Behandelter Abschnitt Jes 15,5-9
Der Prophet, oder wer auch immer von ihm verkörpert wird, kann nicht anders, als mit den Katastrophen Moabs mitzufühlen; und die anschauliche Beschreibung der Verwüstung und der Not und des Gemetzel wird bis zum Ende des Kapitels fortgesetzt.
Mein Herz schreit über Moab – seine Flüchtlinge fliehen bis Zoar, bis Eglat-Schelischija. Denn die Anhöhe von Luchit steigt man mit Weinen hinauf; denn auf dem Weg nach Horonaim erhebt man Jammergeschrei. Denn die Wasser von Nimrim sollen zu Wüsten werden. Denn verdorrt ist das Gras, verschmachtet das Kraut; das Grün ist nicht mehr. Darum tragen sie über den Weidenbach, was sie erübrigt haben, und ihr Aufbewahrtes. Denn das Wehgeschrei hat die Runde gemacht in den Grenzen von Moab: Bis Eglaim dringt sein Jammern und bis Beer-Elim sein Jammern. Denn die Wasser Dimons sind voll Blut; denn ich verhänge noch mehr Unheil über Dimon: einen Löwen über die Entronnenen Moabs und über den Überrest des Landes (15,5–9).
Sogar die Entronnenen sollten vom Herrn neues Unheil und Zerstörung erfahren.
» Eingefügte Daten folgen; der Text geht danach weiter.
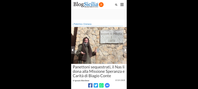 I carabinieri del Nucleo antisofisticazioni e sanità di Palermo hanno consegnato alla “Missione di Speranza e Carità”, fondata da fratel Biagio Conte, 30 panettoni sequestrati durante lo scorso mese di dicembre nel capoluogo. I dolciumi…, erano stati posti sotto sequestro… perché la loro confezione non rispettava il rigoroso disciplinare nazionale in materia di prodotti artigianali.

Extreme Demütigung ist die Züchtigung des übermäßigen Stolzes. Aber das intensive Empfinden des Propheten, das bei Jeremia sicher nicht geringer war, ist die vollständigste Widerlegung der Herzlosigkeit, die ungläubige Kritiker Jesaja oder zumindest diesen ihm zugewiesenen „Aussprüche“ zuschreiben. Ewald hatte zu viel Geschmackssinn, um dies zu übersehen. Es besteht zweifellos ein ebenso deutlicher Unterschied im Ton zwischen dem tiefen Pathos über den Fall Moabs und der Ode des Triumphs vor dem babylonischen Machthaber. Das ist so, wie es sein sollte; aber rachsüchtig und sarkastisch in einem bösen Sinn ist es nicht. Auch der Christ, der himmlisch ist, ist aufgerufen, das Böse zu verabscheuen und sich an das Gute zu klammern. Und der Himmel erklingt mit Halleluja über Gottes wahres und gerechtes Urteil über die große Hure, obwohl ihr Rauch bis in alle Ewigkeit aufsteigt (Off 19,1-6). Wie passend für einen jüdischen Propheten, über den letzten Inhaber der gottlosen Macht zu triumphieren, der sich erheben durfte, als Juda weggefegt wurde, und dessen Sturz schließlich die Befreiung Israels für immer einleitet! Hier in den Kapiteln 15 und 16 kann er den leidenschaftlichsten Gefühlen über ein verwandtes, aber stolzes Moab nachgeben, das zu Fall gebracht wurde.
Wir können unter den genannten Orten, die an der nationalen Trauer teilhaben, bemerken, dass das Dibon von Vers 2 in Vers 9 Dimon zu heißen scheint, ein Wortspiel mit dem Wort in Vers 9 genannt wird, ein Wortspiel, um es mit dem hebräischen Wort für „Blut“ in Verbindung zu bringen, das sein Anteil sein sollte. Hieronymus berichtet, dass der Ort zu seiner Zeit mit beide Namen genannt wurde. Tod und Unheil drohten noch mehr. Welch ein Gegensatz war Beer-Elim zu Moab und Israel! Dort sollte Moabs Heulen ankommen; dort sang Israel sein Triumphlied, als es sich dem Ende seiner Reise näherte, wo zur Erquickung aller der Brunnen unter den Stäben der Fürsten und Edlen entsprang (4Mo 21,16-18). So wartet das wahre Ende mit anhaltender Freude noch auf das Volk nach einer viel längeren Wanderschaft. Aber Gerichte begleiten und kennzeichnen jenen Tag, Gerichte über alle kleinen und großen Feinde Israels; Gerichte, die mit dem alten Volk Gottes beginnen, und zuallererst mit Juda. Denn es gibt keine Ungerechtigkeit bei Gott. Und wenn es ein Tag der Sichtung für alle Völker der Erde ist, muss Er bei seinem Haus beginnen, bevor Israel in Wahrheit des Herzens sagen kann: Seine Barmherzigkeit ist für immer da!